Historical Perspectives on Reasonable Royalty Patent Damages and Current Congressional Efforts for Reform
The award of reasonable royalty damages for patentees successful in a patent infringement suit has had a long road in its development, resulting in its current manifestation under 35 U.S.C. Â§ 284. As history has shown, the treatment of compensable damages to patentees ranged from the automatic trebling of the actual damages suffered, to placing the onus of proving the loss suffered on the shoulders of the plaintiff patentee. By tracing the roots of this remedy back to the original Patent Act of 1790, this article seeks to examine the growth in popularity of this award from its early versions, to its modern day equivalents. By looking at both the statutory changes, and the subsequent judicial interpretations of the statute, this article hopes to shed light on the history and rationale behind use of the reasonable royalty to compensate patentees for infringement of their patents.

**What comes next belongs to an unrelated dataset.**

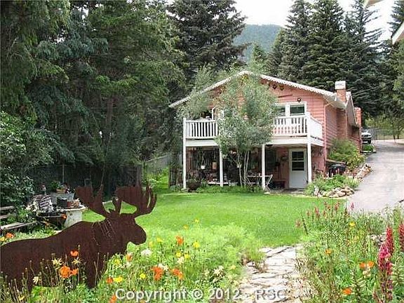 GET READY TO ENTER HANSEL GRETELS GINGERBREAD HOUSE IN BAVARIA GERMANY WITH SWEEPING MTN VIEWS AN ADJACENT STREAM THIS PROPERTY OFFERS PEACE AND TRANQUILITY IN A RUSTIC MTN SETTINGHUGE BLUE SPRUCE TREES SPRAWLING LAWNS LOVINGLY CARED FOR GARDENS SHOW OFF THIS TRADITIONAL LOG HOMEGLASSENCLOSED FRONT PORCH OFFERS ADDITIONAL LIVING SPACE VIEWS TO THE GARDENSENTER THE LARGE LIVING ROOM W ROCK FIREPLACE HARDWOOD FLOORINGFORMAL KNOTTYPINE DINING RM HAS MORE GARDEN VIEWSLARGE KITCHEN WLOTS OF NEWCABINETS NEW COUNTERS NEW SMOOTHTOP STOVEOVEN NEW DISHWASHER NEW CERAMIC FLOOR EATING AREA PANTRY LOTS OF COUNTER SPACE DESK AREA WALKOUT TO DECK WMTN VIEWS LARGE MASTER SUITE WPLENTIFUL CLOSET SPACEUPDATED FULL BATH SECOND BEDROOM ON MAINNEW CHAMPIONWINDOWSWALKOUT BASEMENT HAS LARGE REC RM OFFICECRAFT ROOM WLOTS OF NATURAL LIGHTSEPARATE FAMILY ROOM BEDROOM COMPLETELY REMODELED BATHROOM AND WET BARCOVERED PATIO PERFECT FOR WATCHING SUMMER RAINS GAZING AT MTN VIEWSHUGE 30X22 TWOFOUR CAR GARAGE HEATED WORKSHOP WOVERHEAD STORAGE 220V POWER SIDE DOOR WINDOW OFFERS GREAT ADDITIONAL SPACEWITH ONLY 10 MINUTESFROM COLORADO SPRINGS THIS BEAUTIFUL LOT CHARMING HOME LOVELY SETTING MAKE THIS MTN RETREAT A REAL GEM

Additionally, in light of the context behind the failure of the much ballyhooed Patent Reform Act of 2007, this article seeks to explore the concerns and criticisms many parties had about the proposed damages provisions in this legislation. By analyzing the problems and shortcomings of that proposal, this article will provide guidance as to areas of which future proposals must include in order to maximize their chances of success and to bring the damages statute within long held historical lines.